-- Record set follows --
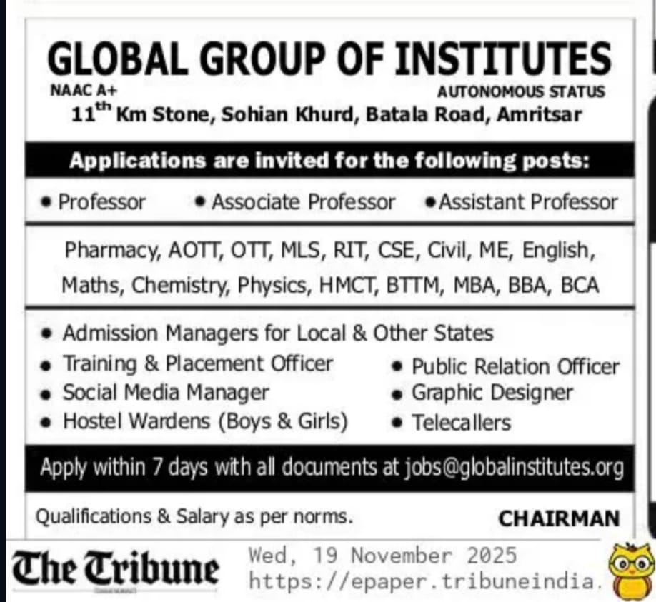 ADMISSION 2026-2027 Name Email Address Enter Mobile Number Country State City Address Select Courses* Select Course* B.TECH. (Computer Science & Engineering) B.TECH. (Artificial Intelligence & Machine Learning) B.TECH. (Civil Engineering) B.TECH. (Information Technology) B.TECH. (Mechanical Engineering) B.Pharmacy D.Pharmacy Master of Business Administration (MBA) Master of Computer Applications (MCA) Bachelor of Business Administration (BBA) Bachelor of Computer Applications (BCA) Bachelor of Commerce (B.Com.-Hons) Bachelor of Hotel Management & Catering Technology (BHMCT) Bachelor of Travel & Tourism Management (BTTM) B.Sc. (Medical Lab Sciences) B.Sc. (OTT) B.Sc. (Radiology Imaging & Technology) B.Sc (Anesthesia & Operation Theatre Technology) B.Sc (Fashion Design) B.Sc (Cyber Security) LLB BA LLB DIPLOMA (Computer Science & Engineering) DIPLOMA (Electrical Engineering) B.VOC (Hotel Management) B.Tech. CSE (LEET) B.Tech. AI & ML (LEET) B.Tech. IT (LEET) B.Tech. ME (LEET) B.Tech. CIVIL (LEET) BCA LEET B. Pharmacy (LEET) B.Sc. Medical Lab Sciences (LEET) B.Sc. Radiology & Imaging Technology (LEET) B.Sc. Anesthesia & Operation Theatre ( LEET) B.Sc. OTT (LEET) DIPLOMA CSE (LEET) DIPLOMA EE (LEET) I agree to receive notifications from Global Institutes in form of SMS/E-mail/Call. Register Global Group of Institutes Recent Recruitment Global Group of Institutes-School of Legal Studies Procedure and Performa for the post of Principal Procedure and Performa for the post of Assistant Professor Performa for the post of Non Teaching
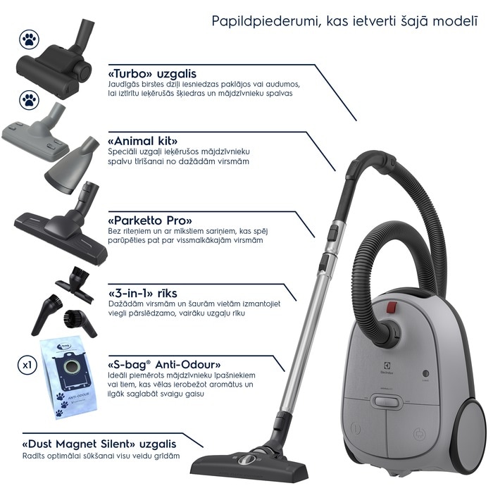 Animal 600 putekļu sūcēja ar putekļu maisiņu uzgaļa auto grīdas režīms nozīmē netraucētu darbību un redzamus rezultātus. Komplektā ietilpst piederumi mājdzīvnieku spalvu ērtai savākšanai.
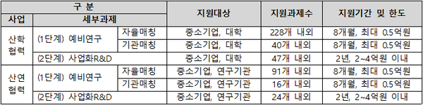 1단계 예비연구과제 375개(산학협력 268개, 산연협력 107개)와 2단계 사업화 연구개발(R&D) 과제 71개(산학협력 47개, 산연협력 24개) 등 총 446개 과제를 신규 선정할 예정이다.
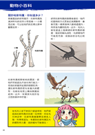 設有「動物小百科」單元,特別介紹霸鶲科動物、鷹科動物和阿根廷鷲屬動物的構造與小常識,以及求偶時會攜帶蝴蝶等昆蟲作為禮物的朱紅霸鶲、總是等其他鳥類築巢後再去霸占巢穴的海盜霸鶲、擁有鮮豔亮黃色羽毛和響亮叫聲的大食蠅霸鶲、以複雜而壯觀的空中求偶表演而聞名的細嘴雕、經常以俯衝來捕食的戰雕、會攻擊無人機以保衛自己領域的楔尾雕等動物的超炫常識,讓小朋友有系統的學習。
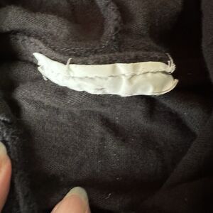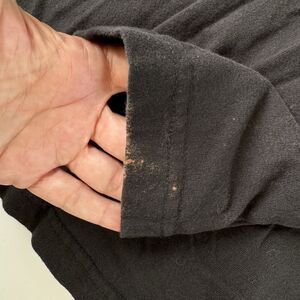 Flaw: small hole on back by collar & discoloration on sleeve (as pictured)
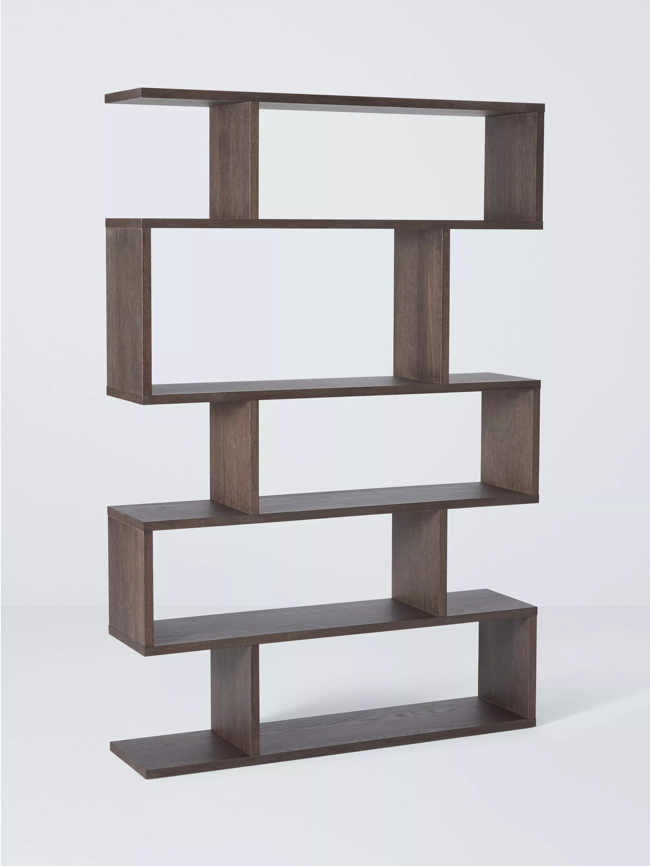 Curate a contemporary interior with modern, minimalist furniture that draws the eye. This wide shelving unit is made from responsibly sourced oak veneers in a dark stain finish and its sleek, geometric structure features five shelves in total. It's supplied fully assembled so set it up and style it your way, with your favourite books, decorative items and ornaments.
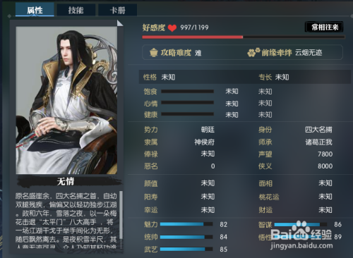 四年夜名捕 铁手无情冷血追命,这四个是可以攻略的,不外也比力难,归正在游戏中,越主要,越壮大的NPC,攻略难度越年夜,
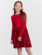 Создайте волшебный новогодний образ для вашей маленькой принцессы с этим нарядным платьем для девочек! Оно идеально подходит для праздников и торжественных мероприятий, привлекая внимание своим изысканным дизайном. Юбка из сетки, украшенная сверкающими пайетками, добавляет блеска и делает каждое движение ослепительным. Круглая горловина и длинные рукава придают платью элегантный и утонченный вид. А подкладка из трикотажного кулирного полотна обеспечивает комфорт и приятные ощущения на коже. Этоплатье станет любимым элементом гардероба для особенных моментов. Рекомендуем! _x000D_ _x000D_ _x000D_ _x000D_
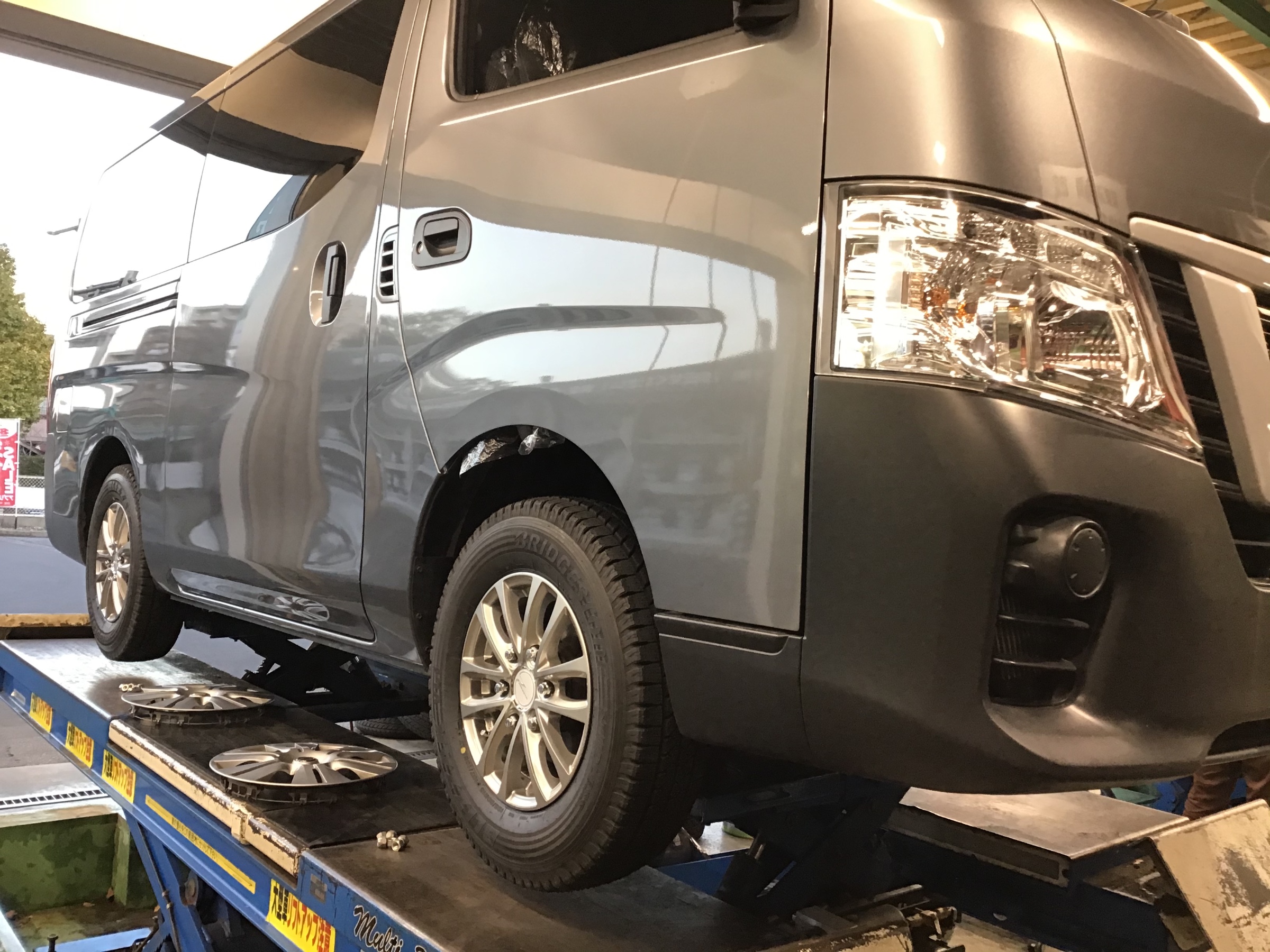 本日の作業は日産キャラバンのスタッドレスセットお取り付けです✌︎('ω'✌︎ )
-- Record set concluded --
__Exercise objective__. Exactly the lines from the one containing "Animal 600 putekļu" to the final line of the entries are wanted; please write them out, both ends included, but not the pictures.

__Exercise answer__.
 Animal 600 putekļu sūcēja ar putekļu maisiņu uzgaļa auto grīdas režīms nozīmē netraucētu darbību un redzamus rezultātus. Komplektā ietilpst piederumi mājdzīvnieku spalvu ērtai savākšanai.
 1단계 예비연구과제 375개(산학협력 268개, 산연협력 107개)와 2단계 사업화 연구개발(R&D) 과제 71개(산학협력 47개, 산연협력 24개) 등 총 446개 과제를 신규 선정할 예정이다.
 設有「動物小百科」單元,特別介紹霸鶲科動物、鷹科動物和阿根廷鷲屬動物的構造與小常識,以及求偶時會攜帶蝴蝶等昆蟲作為禮物的朱紅霸鶲、總是等其他鳥類築巢後再去霸占巢穴的海盜霸鶲、擁有鮮豔亮黃色羽毛和響亮叫聲的大食蠅霸鶲、以複雜而壯觀的空中求偶表演而聞名的細嘴雕、經常以俯衝來捕食的戰雕、會攻擊無人機以保衛自己領域的楔尾雕等動物的超炫常識,讓小朋友有系統的學習。
 Flaw: small hole on back by collar & discoloration on sleeve (as pictured)
 Curate a contemporary interior with modern, minimalist furniture that draws the eye. This wide shelving unit is made from responsibly sourced oak veneers in a dark stain finish and its sleek, geometric structure features five shelves in total. It's supplied fully assembled so set it up and style it your way, with your favourite books, decorative items and ornaments.
 四年夜名捕 铁手无情冷血追命,这四个是可以攻略的,不外也比力难,归正在游戏中,越主要,越壮大的NPC,攻略难度越年夜,
 Создайте волшебный новогодний образ для вашей маленькой принцессы с этим нарядным платьем для девочек! Оно идеально подходит для праздников и торжественных мероприятий, привлекая внимание своим изысканным дизайном. Юбка из сетки, украшенная сверкающими пайетками, добавляет блеска и делает каждое движение ослепительным. Круглая горловина и длинные рукава придают платью элегантный и утонченный вид. А подкладка из трикотажного кулирного полотна обеспечивает комфорт и приятные ощущения на коже. Этоплатье станет любимым элементом гардероба для особенных моментов. Рекомендуем! _x000D_ _x000D_ _x000D_ _x000D_
 本日の作業は日産キャラバンのスタッドレスセットお取り付けです✌︎('ω'✌︎ )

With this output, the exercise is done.